In this issue of Blood, Bussel and colleagues report on the safety and efficacy of long-term administration of romiplostim, a recently FDA-approved TSA, for the treatment of chronic ITP.
In adults, immune thrombocytopenic purpura (ITP) is largely a chronic disorder. Unfortunately, currently available medical therapies for ITP are not well suited to chronic use. Corticosteroids are associated with a well-known litany of cumulative toxicities. Like corticosteroids, immune globulin and anti-Rh(D) are highly effective as rescue therapy, but their use in the maintenance setting is limited, in part because of the inconvenience of regular intravenous infusion. Many thirdline medical therapies are similarly plagued by agent-specific cumulative toxicities and limited response rates. Although splenectomy, the most widely recommended “chronic” therapy, is effective in the majority of patients, some have persistent thrombocytopenia. In addition, splenectomy is associated with approximately a 1% risk of overwhelming sepsis that endures for the lifetime of the patient. Hence, in spite of the multitude of treatments available for ITP, some patients with chronic severe disease have few good options and suffer substantial treatment-related morbidity.
In this light, the study by Bussel et al is greeted with cautious enthusiasm.

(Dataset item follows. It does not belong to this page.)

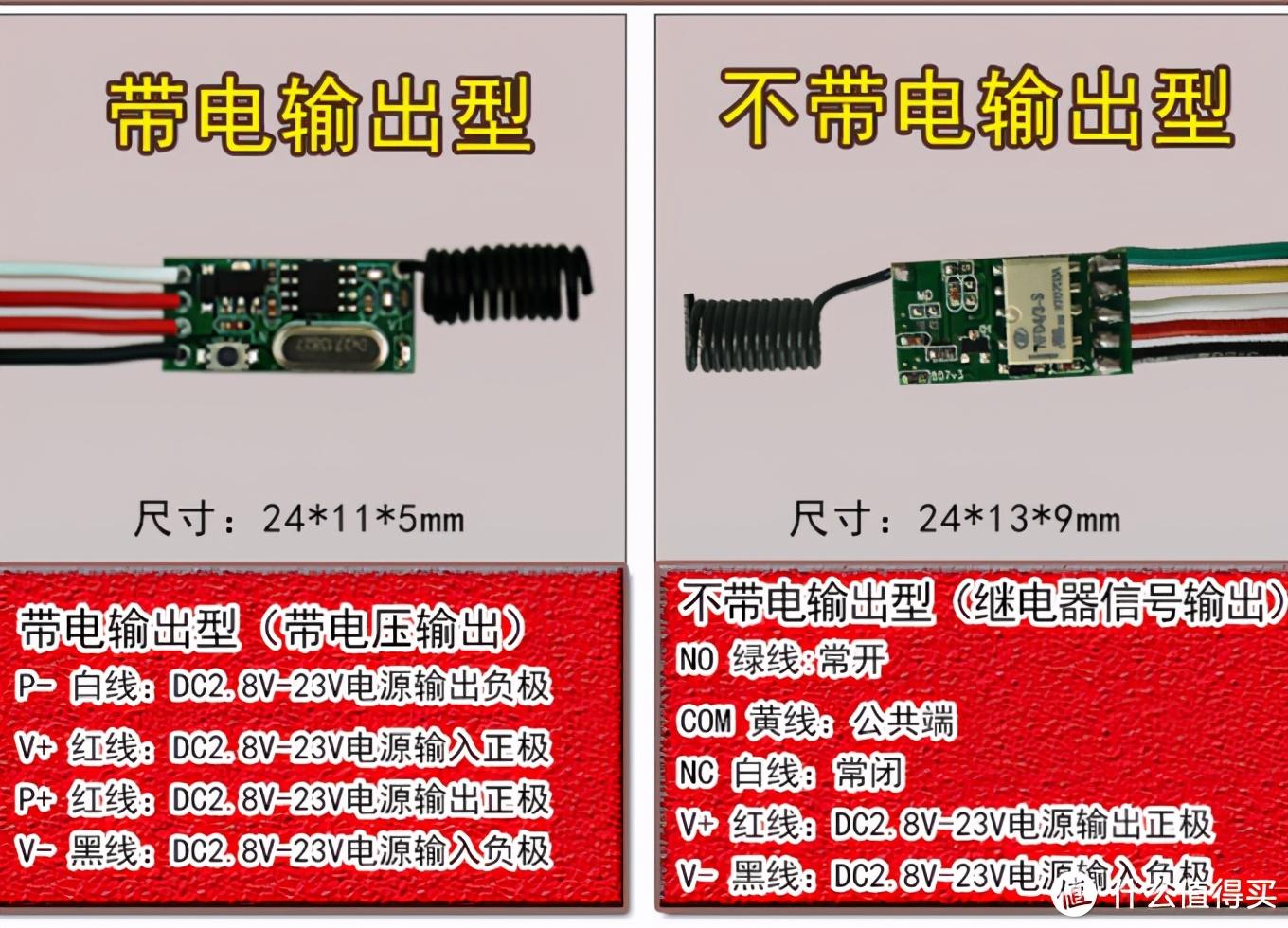 接收模块按输出类型分为带电输出与不带电输出,带电输出意思是输出引脚输出低电平/高电平,输出口的驱动能力较弱,一般不能直接带负载,通常用 MOS 管来增强驱动能力。不带电输出就是在接收模块输出的后级加一个继电器,实际输出引脚为继电器的 NO、COM、NC 脚,在不带电输出模块上飞两根线就可以带电输出了。

In previously reported trials, all of which were less than or equal to 24 weeks' duration, romiplostim increased platelet counts and was well tolerated in a majority of subjects.1-3 Nonetheless, a small number of patients developed reticulin deposition in the bone marrow, raising concerns about the safety of long-term romiplostim administration. In the present analysis, an ongoing, single-arm, open-label extension study of 142 subjects who participated in previous romiplostim trials, patients were treated for a mean of 69 weeks (maximum 3 years).4 Platelet response, defined as a platelet count greater than or equal to 50 × 109/L and a doubling from baseline, was achieved in 87% of subjects. As the figure illustrates, this response was sustained for the duration of the study, though it may be inflated by dropout bias, a phenomenon in which subjects with a diminished response are more likely to drop out of the study than those maintaining a good response to romiplostim. Nonetheless, consistent with the observed rise in platelet count, bleeding events decreased over time.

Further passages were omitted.